Она стояла, выпрямившись, посреди комнаты, пока за последним из них не закрылась дверь.
Немного погодя она взяла свечу и зажгла ее. В окно она увидела чей-то силуэт на холме. Это был Джозеф Пайкс. Она знала, что он будет стоять там всю ночь, но не стала кричать ему, чтобы он ушел. Больше она не смотрела в окно, но знала, что он и так там. И это помогало скоротать оставшиеся часы.

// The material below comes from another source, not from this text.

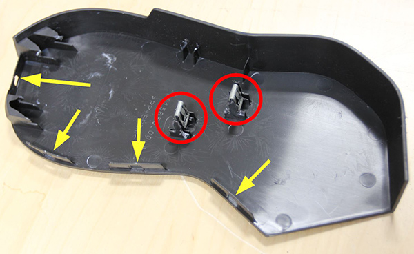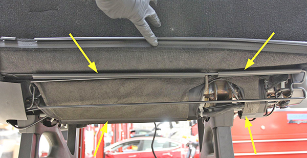 - Release the rear toe kick trim by releasing the outer J-clips (x2) and then the inner J-clips (x4).

Она подошла к гробу и посмотрела на Уильяма Симмонса. Глядя на его руки, дна видела, как они двигались. Она видела, как они держали вожжи, встряхивали их. Она помнила, как оттопыривались его губы, когда экипаж скользил по лунному лугу за спокойно шагающей лошадью, а вокруг тянулись тени. Она знала, как эти руки обнимают.
Она пощупала его костюм.
— Это не тот костюм, в котором он был похоронен! — вдруг вскрикнула она. И все-таки она знала, что это тот самый костюм.
Шестьдесят лет изменили не покрой его костюма, а образ ее мыслей.
Охваченная внезапным страхом, она долго искала свои очки, пока наконец не нашла и не одела их.
— Так ведь это не же не Уильям Симмонс! — вскрикнула она.
Она знала, что и это было неправдой. Это был Уильям Симмонс.
— Его подбородок был не таким, — тихо и здраво рассуждала она. — Или был? А волосы? Они были прекрасного каштанового цвета, я помню! А эти волосы просто коричневые. И его нос… я не помню, чтобы он был таким острым!
Она стояла над этим чужим человеком и, чем дольше смотрела, тем больше убеждалась, что это действительно Уильям Симмонс. Она знала, всегда знала одну вещь: память об умерших подобна воску, вы мысленно берете их, лепите по своему усмотрению, сжимаете и растягиваете, уберете там, добавите здесь, вытягиваете тело в длину, перекраиваете, ваяете и завершаете человека вашей памяти, и тогда он совсем не похож на себя настоящего.
У нее было явственное чувство потери. Она пожалела о том, что открыла гроб. Хотелось хотя бы снять очки. Сперва она видела его неясно, как раз таким, каким создало ее богатое воображение. А теперь, одев очки…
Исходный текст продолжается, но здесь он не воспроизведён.